Ÿnsect raises €160 million, but closes Dutch production plant and cuts 20% of workforce

The French insect farming startup plans to expand its vertical insect farm in France and refocus on high-margin markets including pet foods.
Ÿnsect raises €160 million, but closes Dutch production plant and cuts 20% of workforce

Paris-based natural insect protein maker Ÿnsect has raised €160 million in a new funding round. According to the company, the new capital will be used to shift away from its current modus operandi of primarily animal feed to the more lucrative markets of pet foods and food ingredients.

The company declined to comment on the investors of this newest raise, citing that a second tranche was in discussions, however, previous backers of the company include Bpi France, the European Commission, Belgium’s Astanor Ventures, and French bank Caisse d’Epargne.

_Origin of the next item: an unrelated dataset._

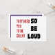 They need you to be silent so be loud invitation, great for fundraisers. This is a very basic invitation template on the back side of the design. Authoritarians thrive on silence, on complacence, on complicity. There are more of us than there are of them so let's be loud. Design description front: On the left, the words, They need you to be silent in restrained red font. On the right, the words, so be loud in a larger bolder black font. Design description back: A rectangular box with customizable colors. As shown, it has a dark purple border and a light purple fill box, indicating that mutual aid should be bipartisan. There are 7 lines of text. The first three lines are for describing the event. The next two lines are for date and time. The final two lines are for telling people to check a website for more information.

Citing soaring costs across the board (energy, raw materials, and debt), as the company refocuses on higher profit outputs, Ÿnsect will cease operations of its Dutch production plant that was brought on board through the acquisition of Protifarm approximately two years ago.

The shutdown equates to 35 job cuts, while another 38 positions are slated to go according to company CEO Antoine Hubert. According to Ÿnsect, they have 360 people employed, thus resulting in a 20.27% reduction of the workforce.

In an interview with Reuters, Hubert explained, “In an environment where there is inflation on energy and raw materials but also on the cost of capital and debt, we cannot afford to invest loads of resources in markets which are the least remunerative (animal feed), while you have other markets where there is a lot of demand, good returns and higher margins.”